18/10/16

CSSF FAQ on UCI Law

On August 24th 2016, the CSSF published the second version of its Frequently Asked Questions (“FAQs”) concerning the Luxembourg Law of December 17th 2010 relating to undertakings for collective investment (the “UCI Law”). The second version adds ten new questions and answers to the first version of the FAQs dated December 8th 2015, discussed in our newsletter of January 2016.

The second version of the FAQs provides clarification on the following matters:

Eligible assets for UCITS

First, the FAQs confirm that a UCITS master fund can invest in funds or be a fund of funds provided that its target funds are eligible under article 41(1)(e) of the UCI Law.

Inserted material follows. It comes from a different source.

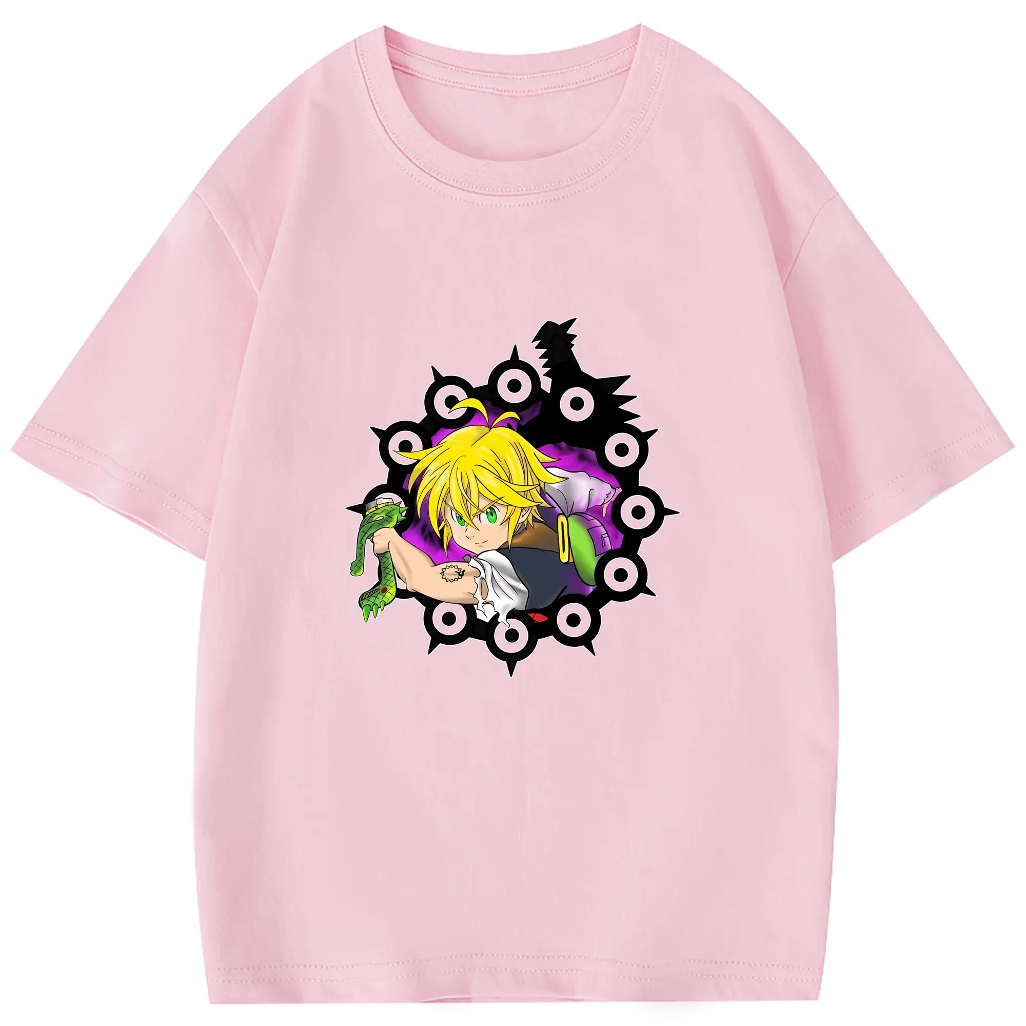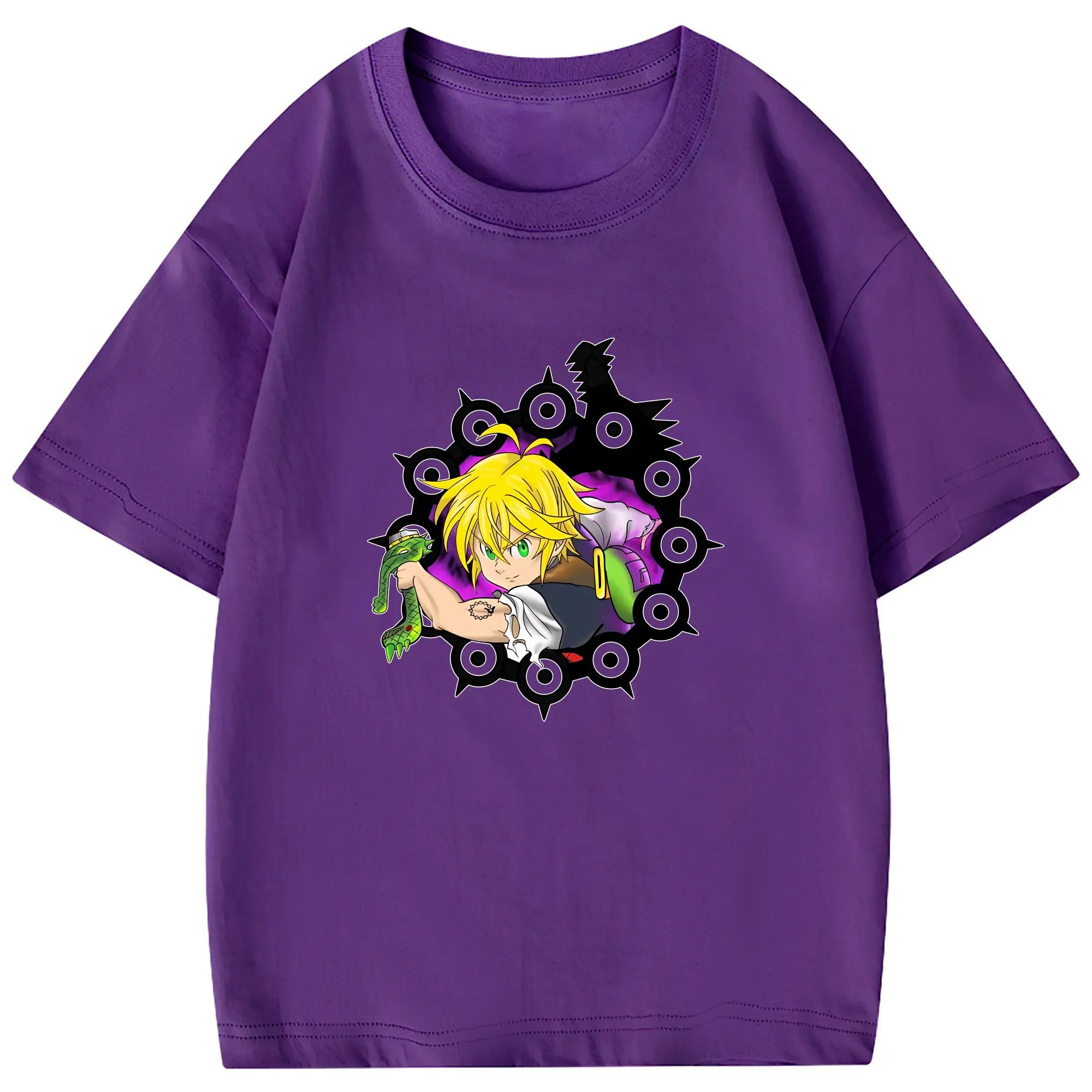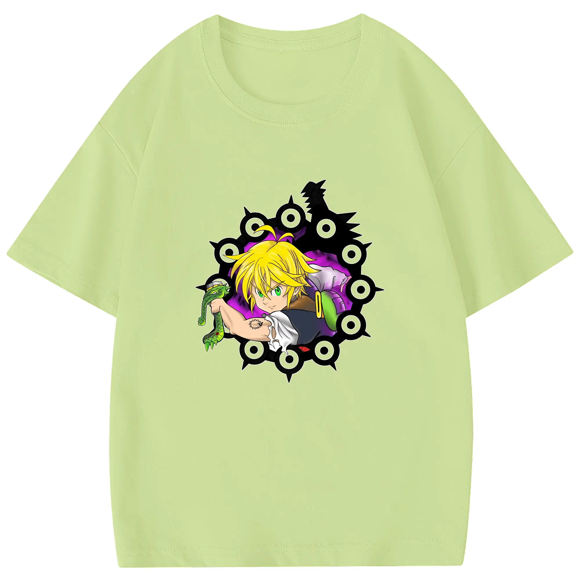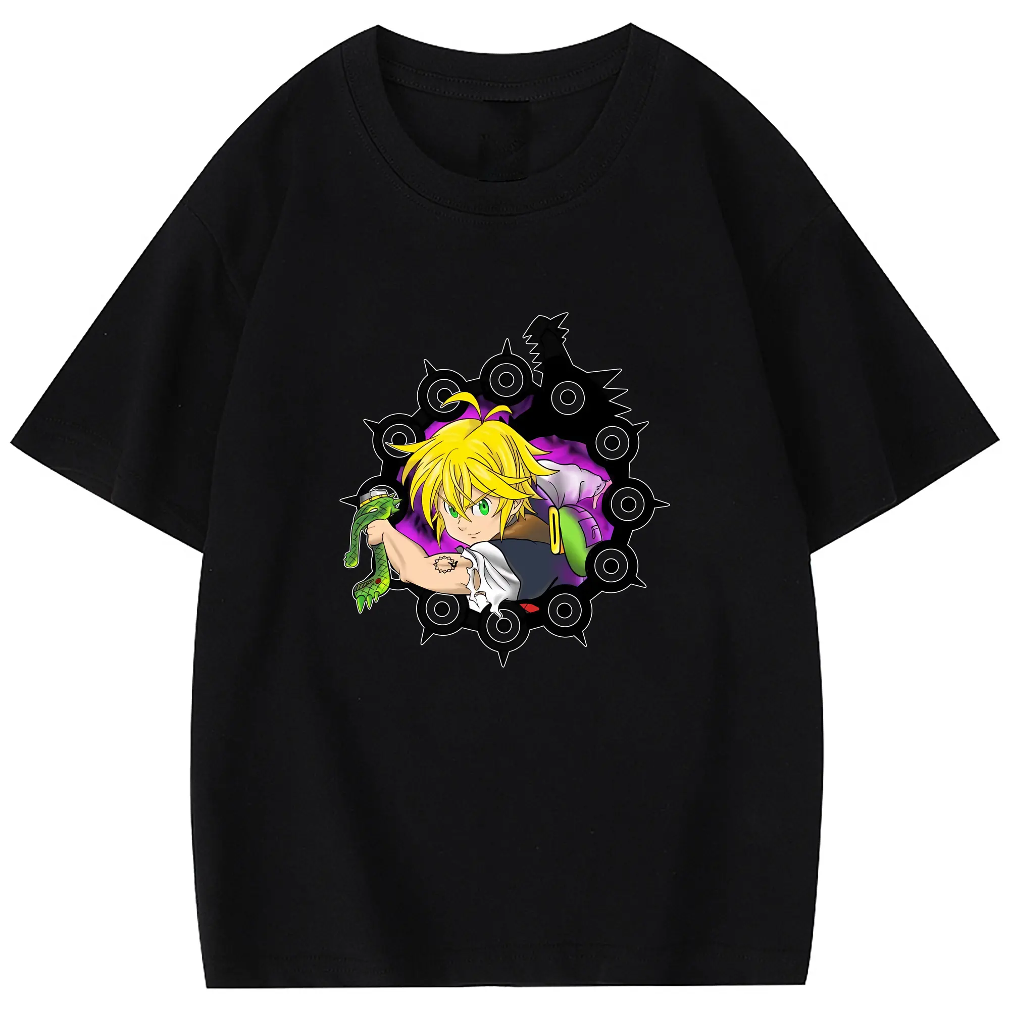 七つの大罪 グッズ メリオダス - 綿100% 半袖Tシャツ ・ フロントプリント ・ 快適 通気性 ・ 日常使い 散歩 スポーツ用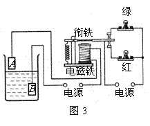 如图3所示是一个水位自动报警器的原理图。水位没有到达金属块A时,绿灯亮;水位到达金属块A时,红灯亮。下列关于它的

Further, in relation to the investments made by UCITS in open and closed-ended UCIs, the FAQs provide definitions for open and closed-ended UCIs: open-ended UCIs are UCIs with units which are, at the request of holders, repurchased out of such UCI’s assets, even if their constitutional documents provide for limitations on the exercise of redemption rights. On the contrary, closed-ended UCIs are those UCIs whose constitutional documents do not provide for the right of investors to request any redemption.

In the same section, the FAQs set out the conditions that institutions shall fulfil in order to qualify as eligible counterparties in the context of OTC derivative transactions or of efficient portfolio management techniques.

Diversification rules applied to UCITS

The FAQs further explain that, pursuant to the principle of risk-spreading, it would not be acceptable for a portfolio of a UCITS to contain different structured transferable securities not embedding derivatives that are all linked to the performance of the same underlying asset. In this context, the FAQs highlight that the application of a 20% limit of the net assets to each underlying asset of such transferable securities has to be respected, providing the possibility that this limit may be raised up to 35% for a single underlying asset.

Moreover, according to the FAQs, UCITS may derogate from the investment limits provided under articles 43, 44, 45 and 46 of the UCI Law for a period of six months following the date the UCITS is entered on the CSSF list. In case the date of inscription to such list differs from the effective launching date of the UCITS, the effective launching date shall be taken into consideration as the starting date provided that the latter date has been notified to the CSSF.

Delegation to third parties

With regard to the delegation of the investment management function, the FAQs mention that a UCITS may delegate such function pursuant to article 110 of the UCI Law to an investment fund manager which is either authorised or registered and subject to prudential supervision, and, in the case of a third country manager, as long as cooperation between the CSSF and the supervisory authority of such country is ensured.

"The FAQs further underline that investment fund managers located in the EEA or an OECD country and subject to prudential supervision of an authority are considered to fulfil the above criteria."


If such entities are located in another country the CSSF shall accept them in principle, provided that it has signed a Memorandum of Understanding covering UCITS with the relevant supervisory authority.

Public-interest entities

The FAQs finally define the meaning of public-interest entities (“PIEs”): PIEs include entities whose transferable securities are listed on a regulated market of any Member State. Thus, a UCITS will be considered as a PIE if its units are admitted to trading on a regulated market. A list of the main implications of Directive 2006/43 on audits of annual accounts and Regulation 537/2014 on specific requirements regarding statutory audits of PIEs is also included.